NARRATOR: There's also a record of their deaths. Mastodons put down layers of new material in their tusks every two weeks, kind of like the rings on a tree. The thickness of the layers varies with the season: thicker when food is abundant, thinner when it's scarce. Comparing the pattern of thickness in the last layers with the pattern in previous layers reveals the season in which an animal died.

Dan will analyze the small tusks that jut from the chins of mastodons, called mandibular tusks.

First, every specimen is molded and cast. And before he cuts into the fossils, they are scanned in 3D and photographed, to ensure an accurate record of shape and condition.

After cutting a specimen, they examine thin sections of tusks that are highly magnified. They compare the tusks from two different animals, both found in the same landslide at the bottom of the ancient lake.

The arrows indicate faint but distinctive lines on tusks that mark the transition from winter to spring, a record of when sparse forage gave way to abundant new growth.

But in both cases, the layers just after the last winter-spring boundary look highly unusual. To Dan, they seem unexpectedly thin, not what you'd expect for an animal feeding on the abundant food of springtime.

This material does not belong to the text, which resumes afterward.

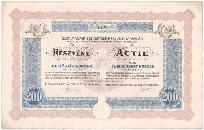 Budapest 1916. "Első Magyar Betűöntöde Részvény-Társaság" ré... https://www.darabanth.com/de/386-Fernauktion/386.0/Numismatik/Aktien-und-Tickets~2000005/Budapest-1916-Elso-Magyar-Betuontode-Reszveny-Tarsasag-reszvenye-200K-rol-szelvenyekk~II2312749

DANIEL FISHER: My guess is that some of these last couple increments are not life as normal for that animal in Snowmass 100,000 years ago, but those could have been the weeks or the month or something that they spent trapped, after the seismic event, sort of, up to their knees in consolidated sediment. That could be why these are as thin as they are.

But that's really remarkable how similar those two ends of life are...never would have expected that.

NARRATOR: When they analyze a third tusk, they find the same result. Spring brought the death of another mastodon.

DANIEL FISHER: There we had three individuals from the same stratigraphic horizon with indistinguishable seasons of death. Now, that was, I, we can't say surprising, but it was still, sort of a shock that, "Ah! Maybe there is something to this!"

NARRATOR: Two streams of evidence, one from the tusks, one from the bones in the debris flows, come together to suggest a chilling end to many of the mastodons at Snowmass, over 100,000 years ago.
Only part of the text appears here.